Background:
Direct stenting is an effective technique for treating significant coronary artery lesions in select cases. However, plaque preparation has been strongly endorsed prior to the deployment of ABSORBTM, an everolimus-eluting bioresorbable vascular scaffold (BVS) due to its different mechanical properties.
Purpose:
We assessed the feasibility and safety of direct BVS deployment without plaque modification in de novo coronary artery lesions.
Methodology:
We reviewed all cases of direct BVS deployment since its introduction to our center in June 2013. Data was obtained for demography, procedural characteristics, in-hospital and 30-day survival.
Results:
Nine patients successfully received eleven BVS using direct stenting for the treatment of significant coronary artery lesions. Mean age was 55.6+3.1 years, and 44% of patients were females. Nearly half of the patients had hypertension, diabetes, and were actively smoking at the time of presentation. All patients presented with acute coronary syndrome. Most of the patients presented with STEMI (89%), and 67% received primary PCI.

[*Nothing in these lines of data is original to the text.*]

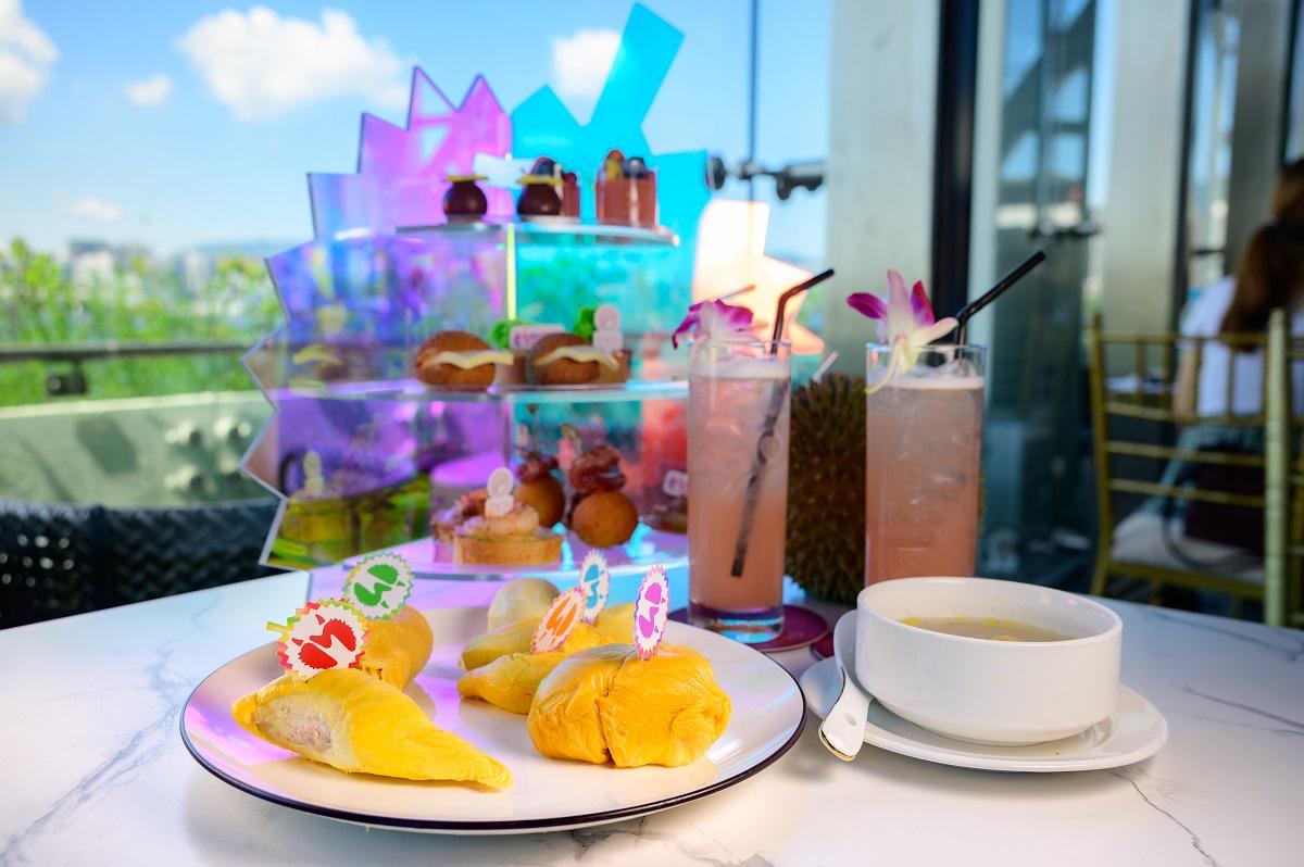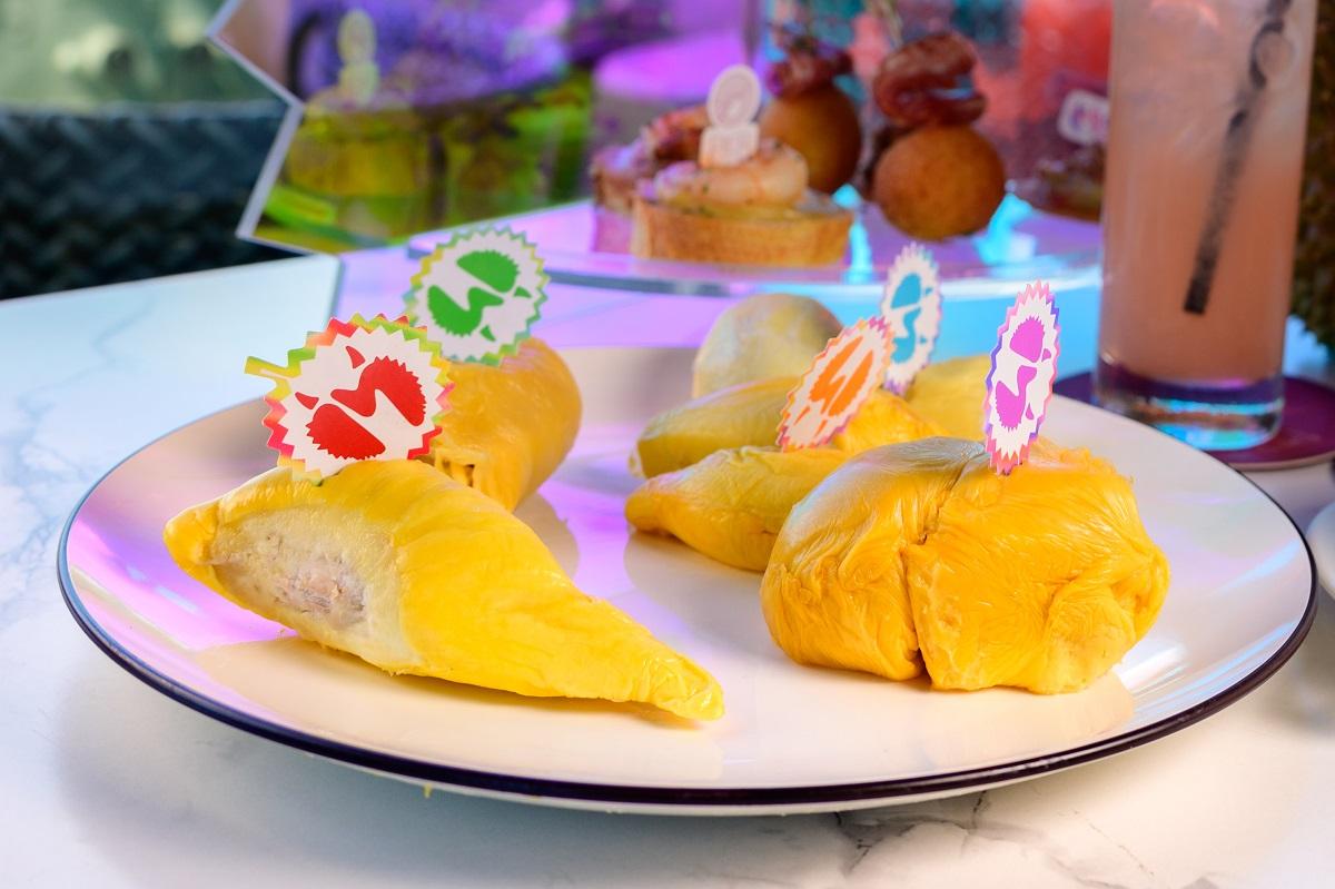 還有榴槤下午茶,當中大部分精緻鹹甜美點以榴槤炮製,如D24 榴槤芝士脆撻、D24 榴槤菠蘿油、山竹石榴無酒精雞尾酒啫喱、榴槤朱古力、榴槤吞拿魚他他墨西哥薄餅等等,選擇豐富。馬來西亞喇沙榴槤蝦多士味道最有驚喜,餐廳將自家炒製的喇沙醬配以榴槤果肉搽在多士上,濃烈的榴槤味遇上喇沙鹹香,惹味又獨特!D24榴槤菠蘿油亦有心思,以傳統法式泡芙作概念,並製成有港式菠蘿包的賣相,內裏夾著用D24 榴槤果蓉製成的Bavarois,整體玩味十足。
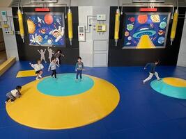 ビッグバンはこどもだけでなく大人も楽しめる全天候型の「あそび」空間です。宇宙船をモチーフにした建物の中には、ここでしか体験できないたくさんの「あそび」が詰まっています。
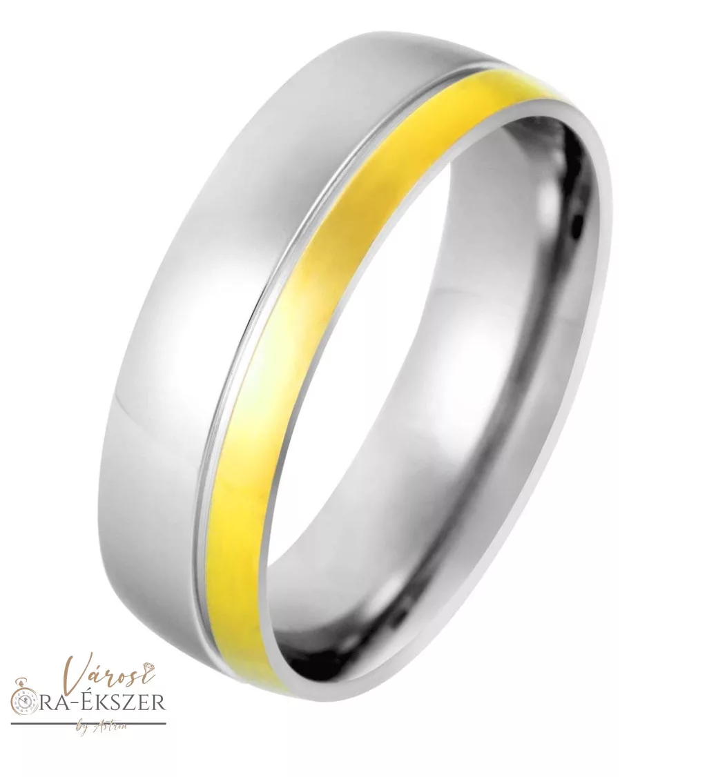 Ez a bicolor (arany és ezüst színű) nemesacél karikagyűrű férfiak számára készült, amely egyszerre modern, elegáns és időtálló. A kerekített forma kényelmes viseletet biztosít, így ideális választás mindennapi használatra is.

The mean Syntax score was 8.4+1.6, with 64% being type āCā ACC lesions and 55% containing predominantly thrombus. All lesions were treated with successful deployment of BVS in first attempt.
Post stenting, TIMI-3 flow was achieved in 91% (10/11) of lesions. There was no case of worsening coronary TIMI flow post-BVS deployment. In 44% of cases, the scaffold was applied across bifurcation lesions without an accompanying loss of coronary flow to the side branches.
Conclusion:
Direct deployment of BVS without lesion modification, in selected patients, is a safe and viable choice. Larger randomized trials are needed.